# Truma Ultraheat Space Heater S3002 Fan Not Working



## haggisbasher (May 1, 2005)

Sitting in a draughty spot in Scotland and it would appear the fan on our heater has stopped working. Have read that we can run heater without fan ? Any suggestions as to what to look at gratefully received. Have checked fuses but not sure if we are checking right ones or have found all fuses. Bessecarr E495.


----------



## trevorf (May 16, 2005)

Yes you can run the Ultraheat without fan but obviously will not get as good distribution of heat throughout the van. In fact this feature is one advantage of the Ultraheat over a combi boiler as you can use it on gas only with no battery drain at all when camping without electric hookup.
To find the problem you really need to dive in with a multimeter and find out if you are missing 12V to the fan or not.

Trevor


----------



## Pudsey_Bear (Sep 25, 2008)

My fan switch is a bit dodgy on my S3002 so look there first, try using some switch cleaner on it, also turning it to and fro to see if it come on, also the slider switch needs to be used it too could use some contact cleaner, fan is a last resort on mine as it is only vivible with a mirror and a cow to work on.
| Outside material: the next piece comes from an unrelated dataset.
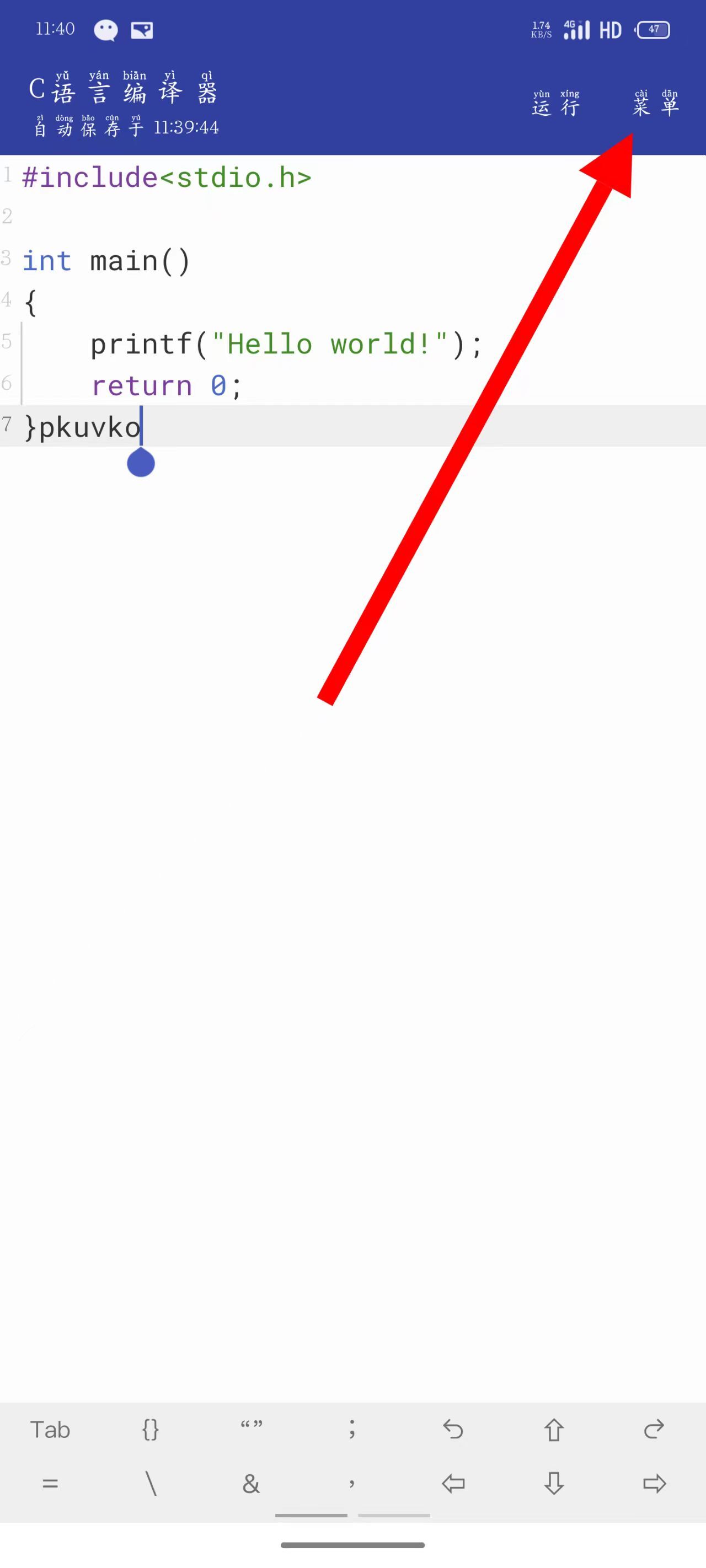 1、打开c语言编译器,点击右上角菜单。
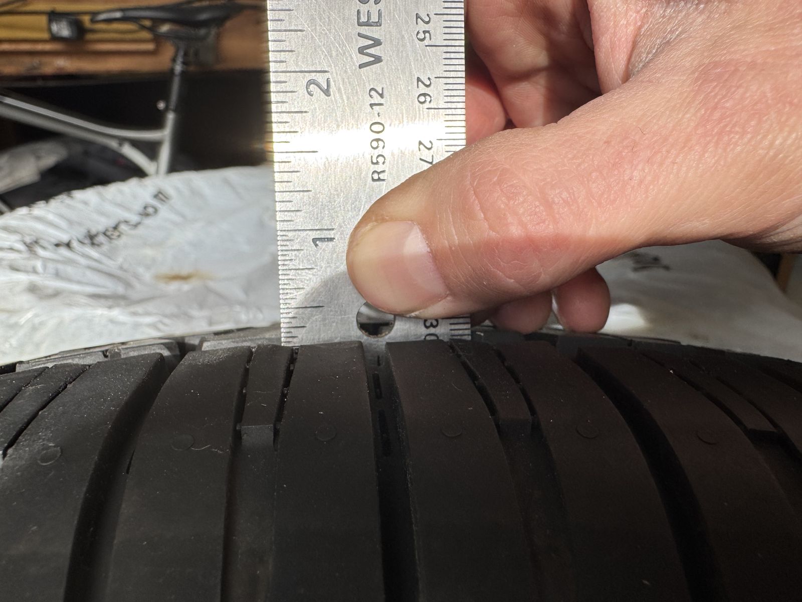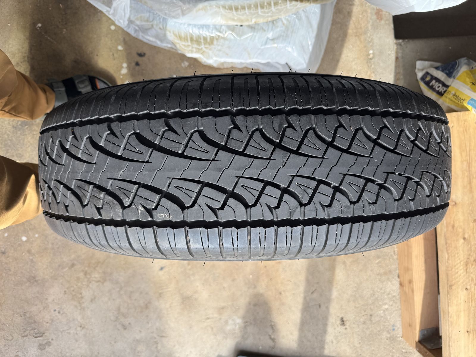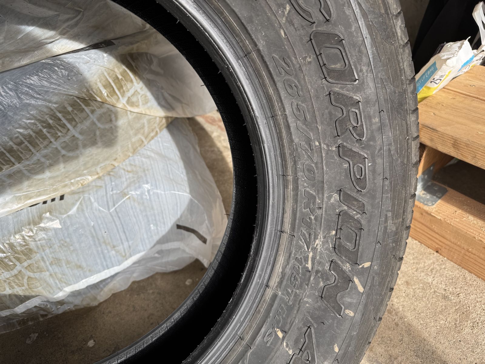 Not exactly sure how many miles are on these but not many. Still smell and feel like new tires and they have been stored in a climate controlled storage unit in the tire bags. I measure about 11/32” of tread, discount tire says new they have 12/32”. I currently have them on my work truck and they are great in snow, mud, rain and on the highway. Message with questions or for more details.

No idea of the age of your van as you give no info, but there are plenty of used fans out there, not sure if it's still available as a new spare or not.


----------



## Pudsey_Bear (Sep 25, 2008)

Not in the list of parts but the switch is if needed.

http://www.leisureshopdirect.com/caravan/gas/truma_fires/trumatic_s3002_gas_heater_spare_parts.aspx


----------



## trevorf (May 16, 2005)

Yes the switches can and do wear

Here it is I think:-

http://www.leisureshopdirect.com/caravan/gas/product_28063/truma_trumavent_teb2_fan_control_switch.aspx


----------